5 Tips for Preparing for Cases as a Resident

  1. Review the chart and imaging
    • Start with orthopaedic progress notes so you can understand the patient’s story and prior treatment. There will often be a discussion about treatment options including pros and cons of the planned surgery.
    • For medically complex patients it can be helpful to review notes from the primary care office, the problem list, and any relevant notes from specialists.
    • Make sure you have good quality pre-operative imaging. If you think there is something missing or inadequate quality speak up and let your attending know. Sometimes you may be the first one to catch that a pre-op CT or MRI was not completed, or a certain radiographic view is missing.
  2. Become familiar with the implants and surgical technique
    • Find out what implants are being used.
    • Search the internet or consult with implant reps to get the technique guide. Read it all the way through so you are familiar with how to use the implant and understand the different sizes available.
    • Often there are surgical videos that demonstrate the surgical technique and use of implants.  Search POSNAcademy (www.posnacademy.org), the implant vendor, Vumedi, and even YouTube!
    • If it’s the first time you are using an implant, consider asking the rep to get a set you can lay hands on and practice with.
  3. Write out a step by step surgical plan
    • Review the planned exposure and study textbooks and/or journal articles to be comfortable with the anatomic exposure. Know where tigers live, but also know portions of the exposure you can move quickly through.
    • Think about room setup and patient positioning.
    • For fractures, think about reduction techniques. Will you use indirect reduction or direct reduction? What tools will you want to have available? 
    • Template out your planned position of implants and confirm you have the right sized implants available for your case.
    • Don’t forget about the closure and post-op care – write out what sutures, dressings, and immobilization you’ll need after surgery.  Post-op rehab, weightbearing, return to sports, etc.

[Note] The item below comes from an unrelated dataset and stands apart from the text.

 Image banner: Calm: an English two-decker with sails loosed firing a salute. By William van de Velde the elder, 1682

    • Think about common pitfalls in surgery and have backup plans for when they occur.
  4. Review your surgical plan with your attending
    • This is a great way to not only make sure you’re making progress with your pre-op planning, but also to build relationships with your attending staff. Most attendings will appreciate the time spent in preparation, even if your plan does not match their plan. You will learn from the way your attendings have planned cases.
    • Think about what specific goals you have for your development in the case. Until you are near the end of residency or a fellow it is unlikely you will be doing the case “skin to skin”. Discuss with your attending what skills you want to develop in the case and build from there as you progress in your rotation and residency. 

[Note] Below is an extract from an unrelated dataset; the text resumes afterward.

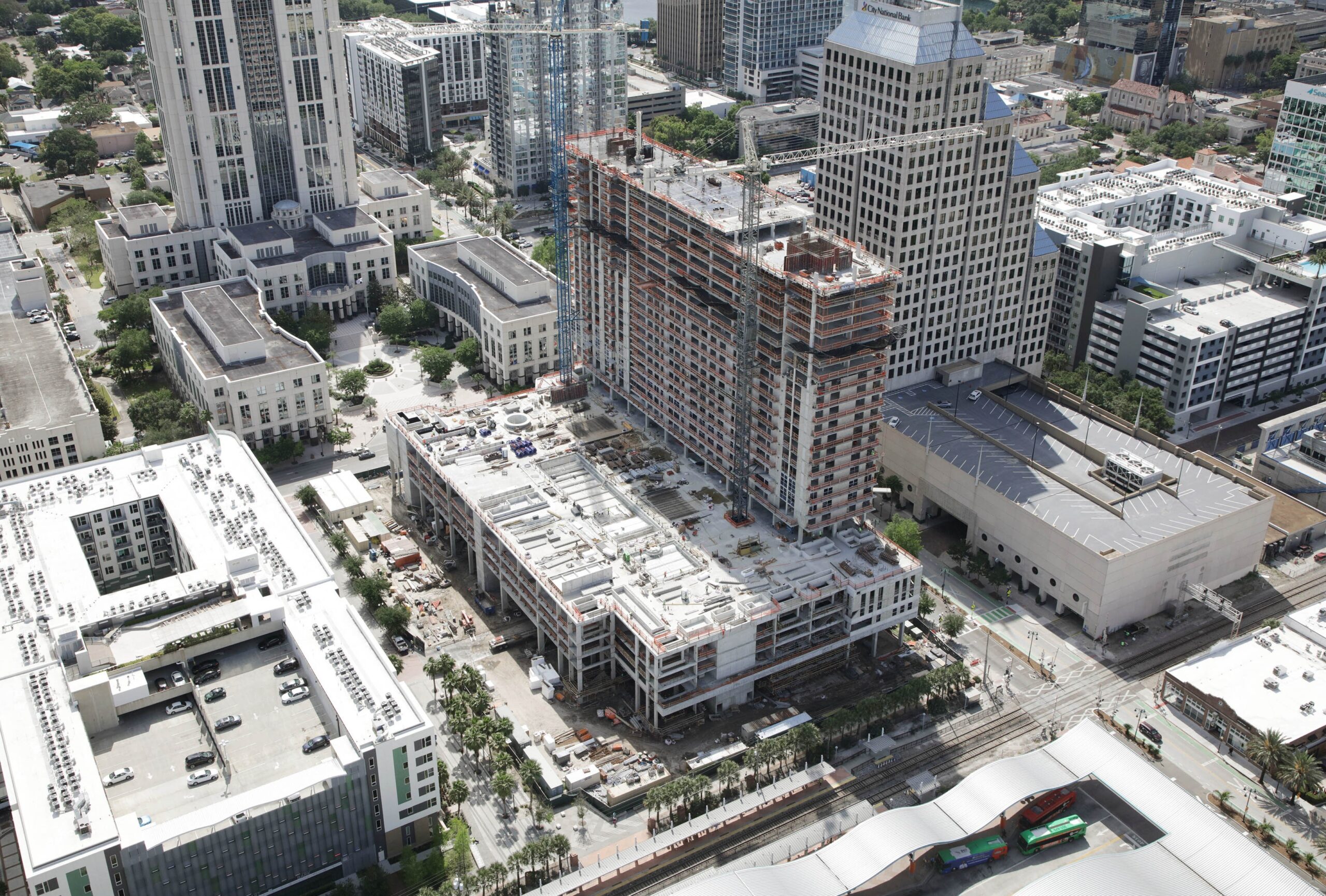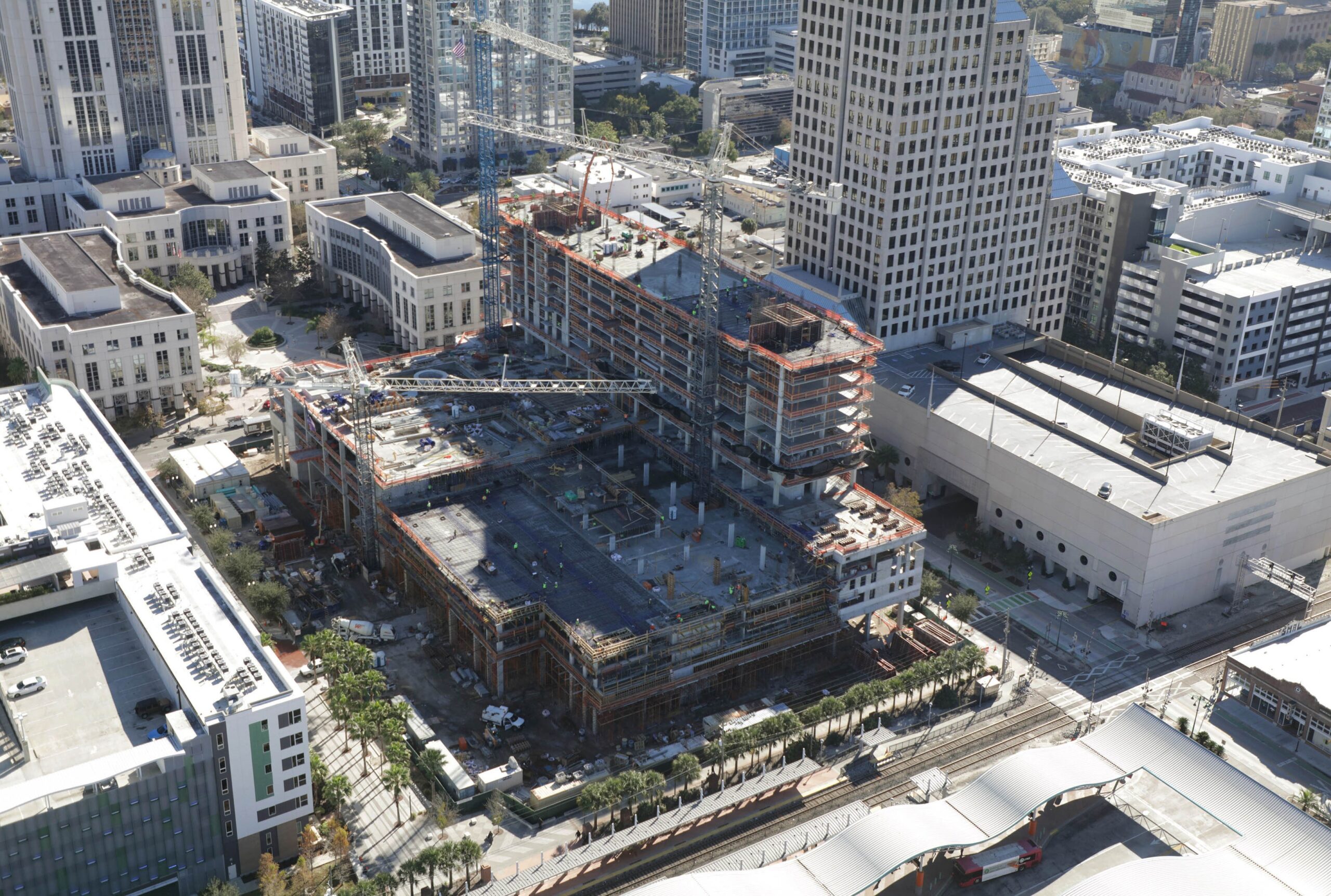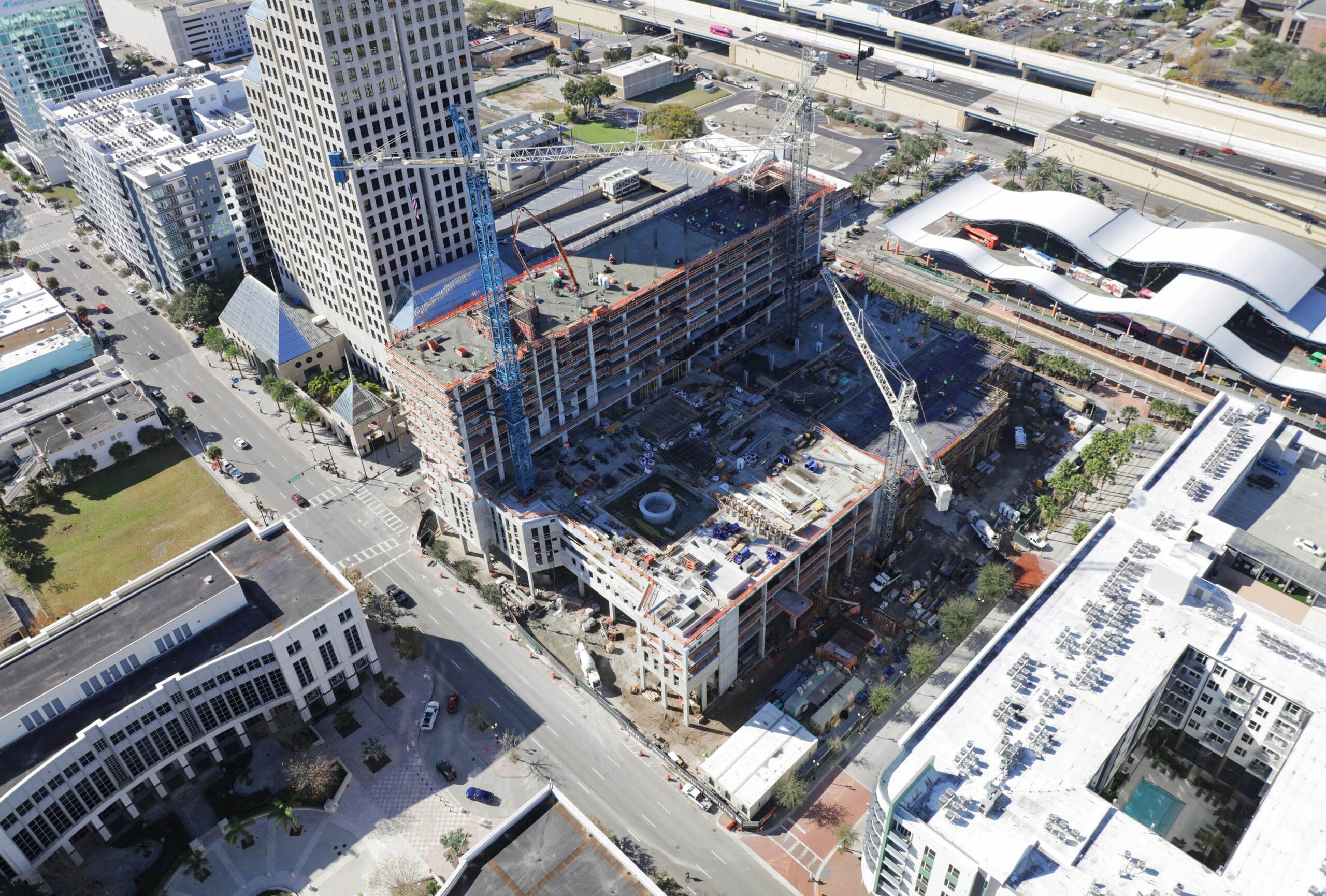 Baker performed cast-in-place concrete and masonry façade work for Society Orlando, a 26-story apartment building in downtown Orlando with a parking garage, podium amenities, and a pool deck.

    • As you mature in your training, you may also find that some of your plans may become incorporated into the attendings surgical plan. As a resident, you are working with many attendings, often across varied hospitals. You may be able to bring new ideas and techniques to help improve care for your patient.
  5. Take care of yourself
    • Get a good night of sleep before operative days.
    • Eat well before surgery.
    • Exercise regularly.
    • Try to leave problems from home outside the OR doors so you can devote your focus to the task at hand in the OR. 
    • Take some time to mentally rehearse the surgery. Visualize key steps.